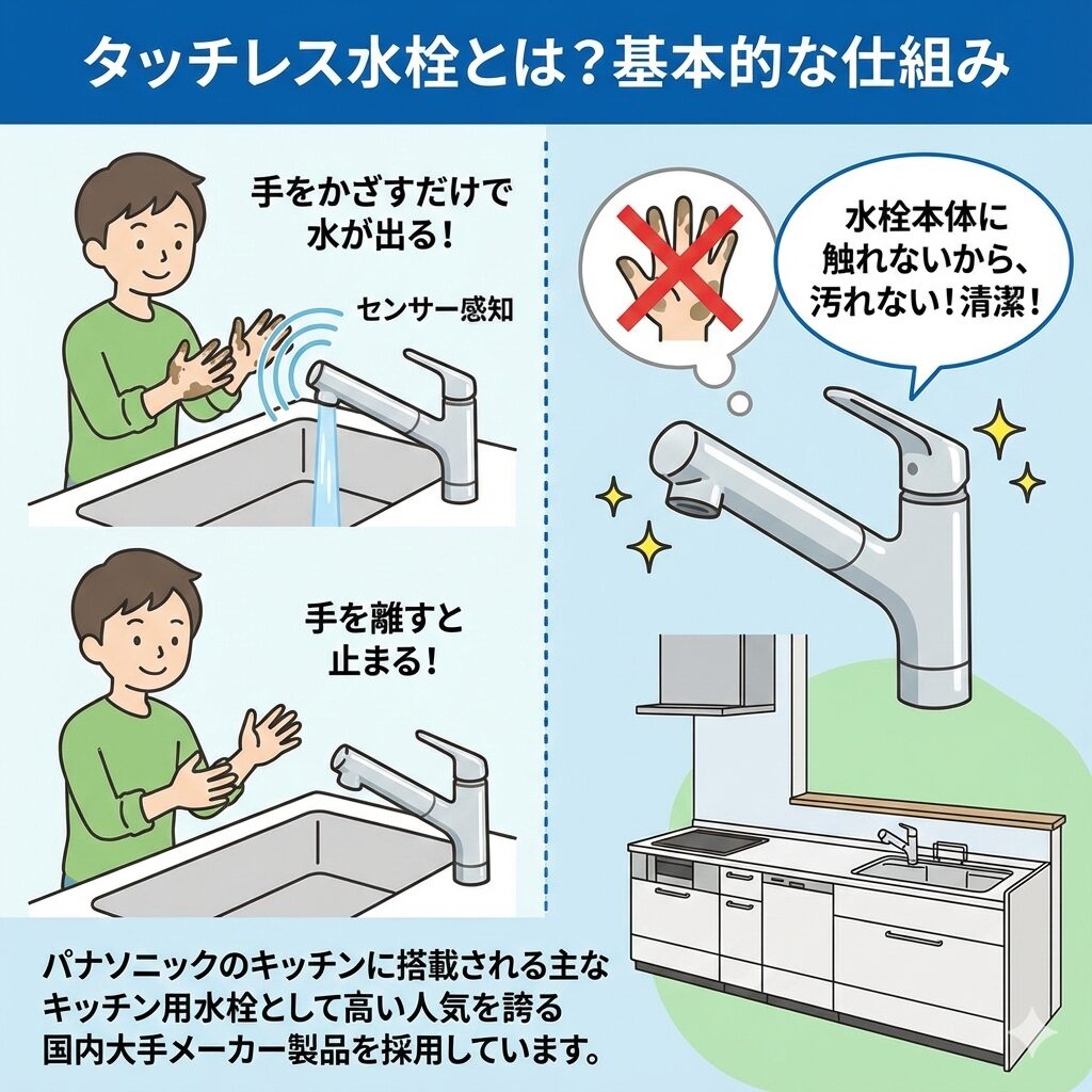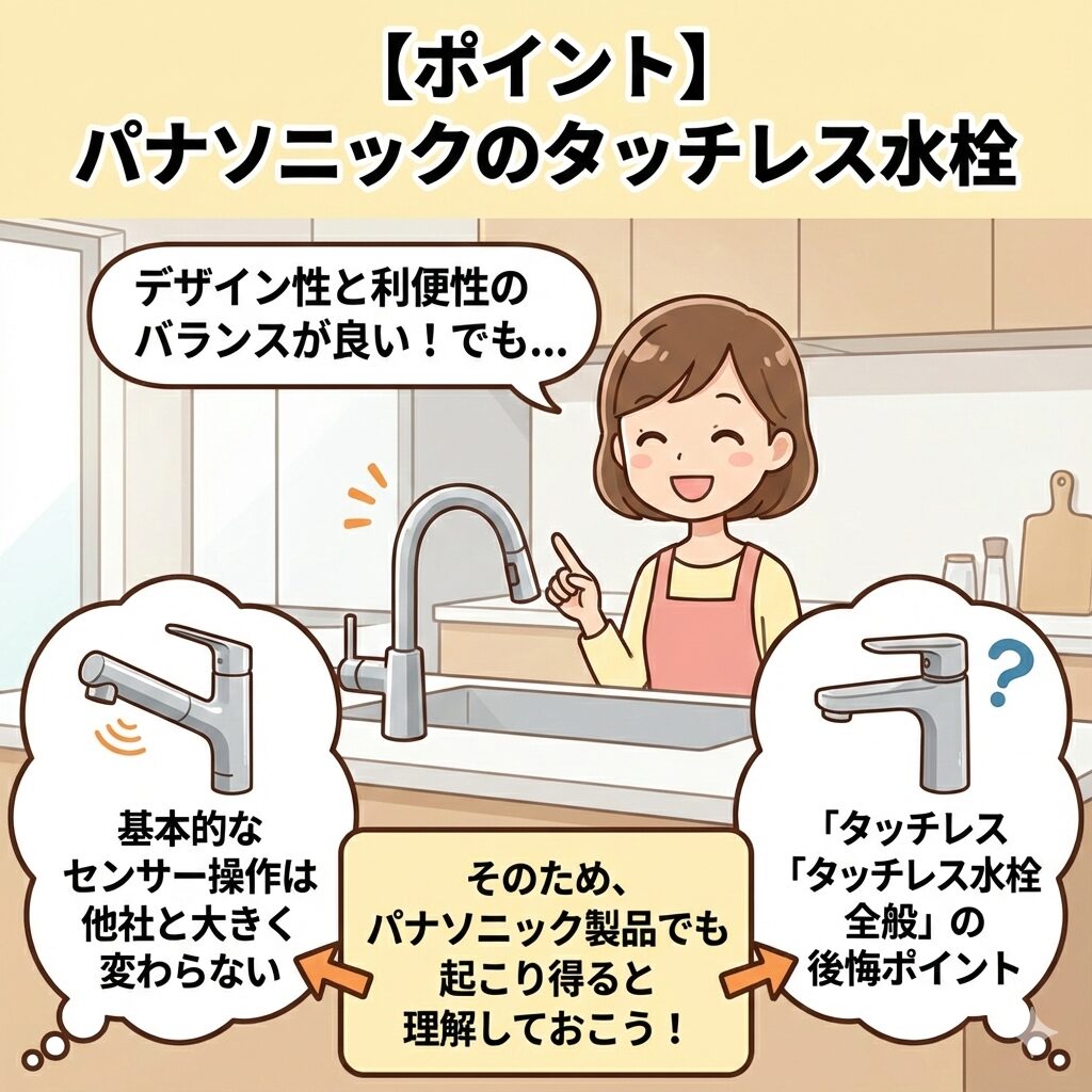 クロノ【ポイント】 パナソニックのタッチレス水栓は、デザイン性と利便性のバランスが取れているのが特徴ですが、基本的なセンサー操作は他社製品と大きく変わりません。そのため、「タッチレス水栓全般」で発生する後悔ポイントは、パナソニック製品でも起こり得ると理解しておく必要があります。
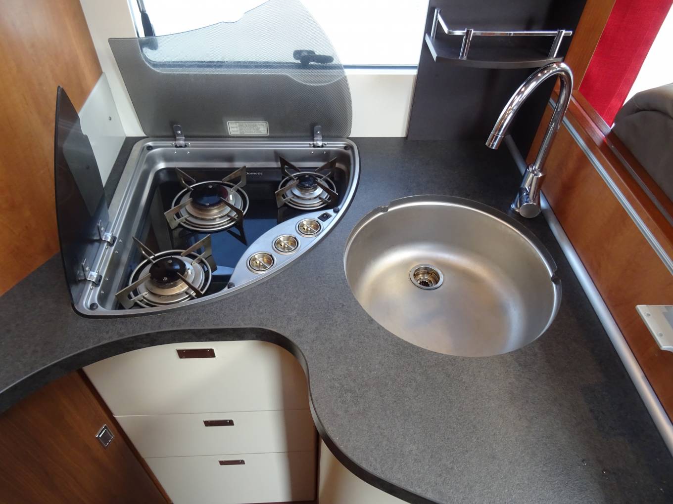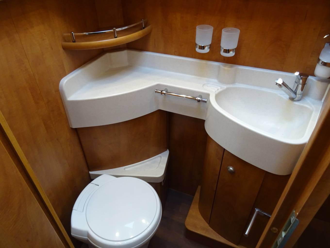 en suite washroom, with a separated shower, centre kitchen, forward dinette and
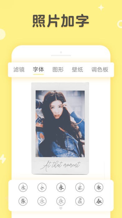 美しい写真に仕上がったら、いろいろと飾り付けていきましょう。写真に書き足すことのできるフォントは、漢字や英語があり100を超えています。とっておきのポートレート写真を作ってください。
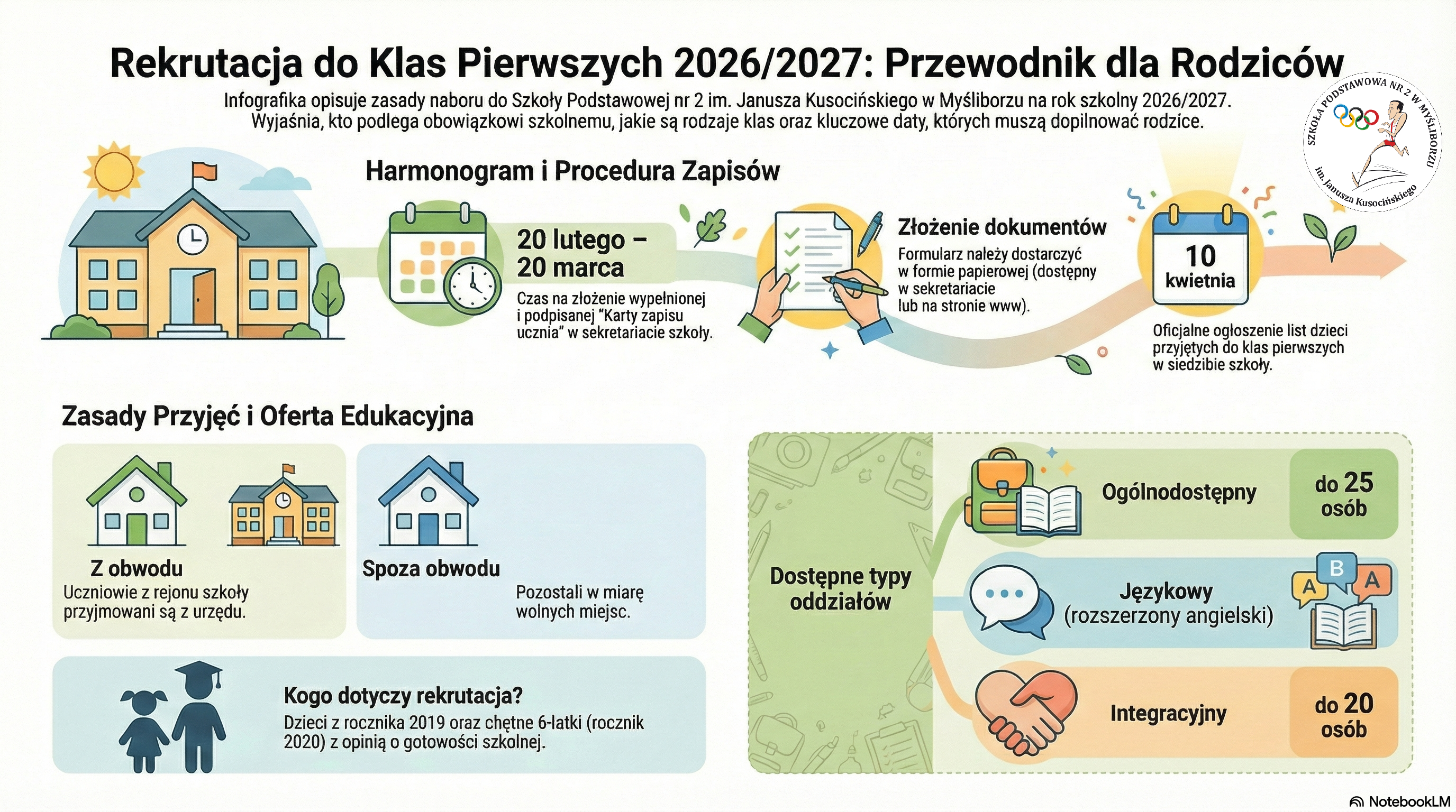Dane ucznia rodzic wpisuje na podstawie dokumentów państwowych - np. metryki urodzenia, dowodu osobistego lub paszportu dziecka. Karta zapisu powinna być podpisana przez oboje rodziców (lub wszystkich opiekunów prawnych), nawet w sytuacji gdy któreś z rodziców mieszka osobno, jeśli nie ma odebranych praw rodzicielskich decyzją sądu.
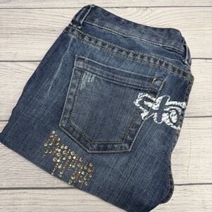 Express Jeans Womens 8 Stella Skinny STARLET Fashion Graphic Jeweled Graffiti
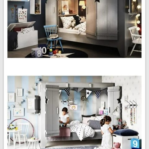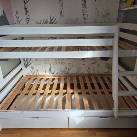 Dottern har nu vuxit ur sin kojsäng som varit mycket uppskattad. En mysig säng att krypa in i med dörrar som kan stängas helt eller delvis, ett litet fönster med öppningsbara luckor samt två hyllor invändigt.
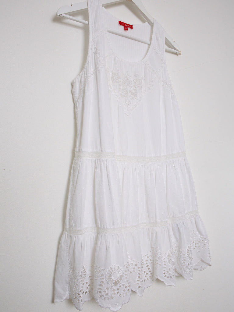 This romantic rock mini dress is made in lovely cotton lace and embroideries.
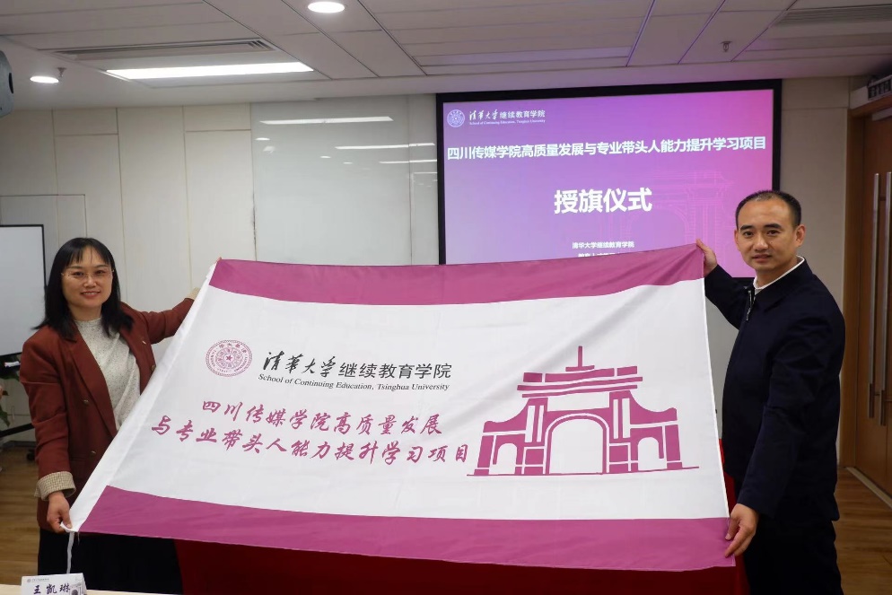 本次开班仪式由清华大学继续教育学院教育人才学习中心副主任罗炜、清华大学继续教育学院教育人才学习中心项目主管朱俐娜、四川传媒学院党委组织部部长樊潇雨出席。罗炜副主任发表致辞,她对四川传媒学院全体参培人员的到来表示热烈欢迎,并以清华三宝——校训、校园以及校友为出发点,细数了清华大学历史渊源、革新发展等。我校代表樊潇雨部长随后发言表达了对清华大学继续教育学院的感谢,同时向本次参培教师提出了“提高认识、把握大局”“提升本领、主动作为”“振奋精神、严格要求”的三点学习指示。最后进行授旗仪式,本次培训正式拉开帷幕。

• • • • •

* What the task asks *
Write out the entries again, word for word. No images.

* Response area *
 クロノ【ポイント】 パナソニックのタッチレス水栓は、デザイン性と利便性のバランスが取れているのが特徴ですが、基本的なセンサー操作は他社製品と大きく変わりません。そのため、「タッチレス水栓全般」で発生する後悔ポイントは、パナソニック製品でも起こり得ると理解しておく必要があります。
 en suite washroom, with a separated shower, centre kitchen, forward dinette and
 美しい写真に仕上がったら、いろいろと飾り付けていきましょう。写真に書き足すことのできるフォントは、漢字や英語があり100を超えています。とっておきのポートレート写真を作ってください。
Dane ucznia rodzic wpisuje na podstawie dokumentów państwowych - np. metryki urodzenia, dowodu osobistego lub paszportu dziecka. Karta zapisu powinna być podpisana przez oboje rodziców (lub wszystkich opiekunów prawnych), nawet w sytuacji gdy któreś z rodziców mieszka osobno, jeśli nie ma odebranych praw rodzicielskich decyzją sądu.
 Express Jeans Womens 8 Stella Skinny STARLET Fashion Graphic Jeweled Graffiti
 Dottern har nu vuxit ur sin kojsäng som varit mycket uppskattad. En mysig säng att krypa in i med dörrar som kan stängas helt eller delvis, ett litet fönster med öppningsbara luckor samt två hyllor invändigt.
 This romantic rock mini dress is made in lovely cotton lace and embroideries.
 本次开班仪式由清华大学继续教育学院教育人才学习中心副主任罗炜、清华大学继续教育学院教育人才学习中心项目主管朱俐娜、四川传媒学院党委组织部部长樊潇雨出席。罗炜副主任发表致辞,她对四川传媒学院全体参培人员的到来表示热烈欢迎,并以清华三宝——校训、校园以及校友为出发点,细数了清华大学历史渊源、革新发展等。我校代表樊潇雨部长随后发言表达了对清华大学继续教育学院的感谢,同时向本次参培教师提出了“提高认识、把握大局”“提升本领、主动作为”“振奋精神、严格要求”的三点学习指示。最后进行授旗仪式,本次培训正式拉开帷幕。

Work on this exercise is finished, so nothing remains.